If you’re learning Python, make sure you know how to browse the free source tools, such as numpy, scipy, and matplotlib.
The Virtually Necessary
Following Linux, Python, and C++ are the three most prevalent skill requirements. Because these tools were mentioned in at least one job posting in every company, it would be in your best interest to have a basic understanding of them:
Robot Operating System (ROS): Middleware for Robots
ROS is a software library ecosystem for robot development. This technique makes developing autonomous vehicles far easier than it would be otherwise, because autonomous vehicles are simply huge, wheeled robots.
While ROS is compatible with a variety of operating systems, it is most typically used with Ubuntu. C++ and/or Python are commonly used to program ROS. Although ROS is fantastic for all of the tools it contains for autonomous vehicles, it is still a clumsy platform on which to operate the autonomous vehicle stack. It’s usually referred to as a “prototyping tool” until the industry settles on more deterministic, less expensive, scalable, and power-efficient hardware and software.
For the time being, knowing ROS is required in order to construct autonomous vehicles. Fortunately, you can get it from their wonderful documentation and install it on your Ubuntu computer (or virtual machine).
Despite the fact that they are two quite different tools, MathWorks has created two of the most widely used software platforms for control system design.
MATLAB is a numerical and proprietary programming language that is popular due to the large number of free university programs that provide it. Engineering students often graduate with a working knowledge of the language, and it is thus employed outside of the classroom. Today, some individuals are gravitating toward Python’s mathematical capabilities because they are almost equal in price and Python is free, but MATLAB remains a popular tool.

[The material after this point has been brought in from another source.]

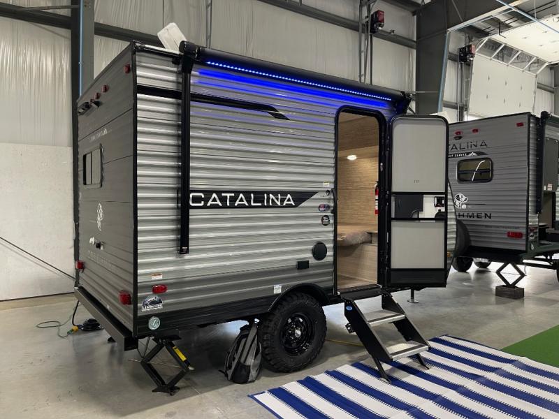 With any Catalina Summit Series 7' by Coachmen RV, you can create an easier adventure with the versatility and simplicity of the shorter lengths and lighter weights! Each includes a premium exterior graphics package, a smooth HD aluminum radius front, and EZ lube axles with leaf spring suspension. The exterior offers a heavy duty standard tongue jack, a diamond plate rock guard to protect against road debris, exterior RG-6 coax cabling and satellite prep, rear view camera prep, and flush mount baggage doors with radius corners for your outdoor gear. Inside, you will enjoy a premium JBL interior speaker, USB charging ports, seamless Thermofoil countertops throughout, a deep basin farm style sink for easy cleanup, and GE kitchen appliances. It's time to choose an affordable and maneuverable single axle trailer today!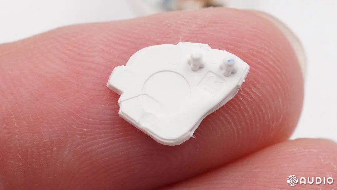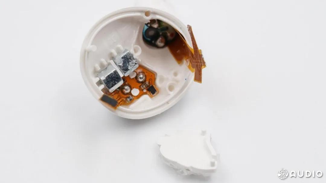 耳机部分,魅族 POP2s外型延续了经典设计,耳机壳体遵循黄金分割比例,螺旋状的设计更加贴合耳廓,不过这次的光环设计采用了白色,官方宣称与充电盒的白色指示灯更统一。耳机内部有一塑料支架固定电池和主板,音腔独立密封可以减少杂音,结构设计与前代相同。触控方案来自通泰233DP,扣式电池的供应商来自微电新能源,容量0.222Wh约60mAh。

Simulink is a graphical programming interface that allows you to develop models and simulations using block diagrams. It is the most widely used tool for building and testing autonomous vehicle control systems. It comes with a number of add-on tools for translating your designs to C++ code or even to a hardware description language for usage on FPGA or ASIC designs, as discussed later. It would be difficult to find a control engineer who does not utilize Simulink.
Git is a version control system.
When you’re creating software, you’ll need a place to store it so that others may review it and expand on it. If your team splits the work, they’ll need a place and a procedure to merge all of the code together at some point. Version control software can help with this. Due to its open-source nature, Git appears to be the most preferred solution for version control and source code management among autonomous vehicle firms.
For organizing your software development, there are several hosting services for Git, including the most popular, GitHub. You’d need a hosting server if you wanted a simple way to share your code with the general public or your specialized team.
Many employers will ask to check your GitHub account during the recruitment and interview process so they can get a sense of how well and frequently you code. It’s a fantastic technique to demonstrate your development abilities.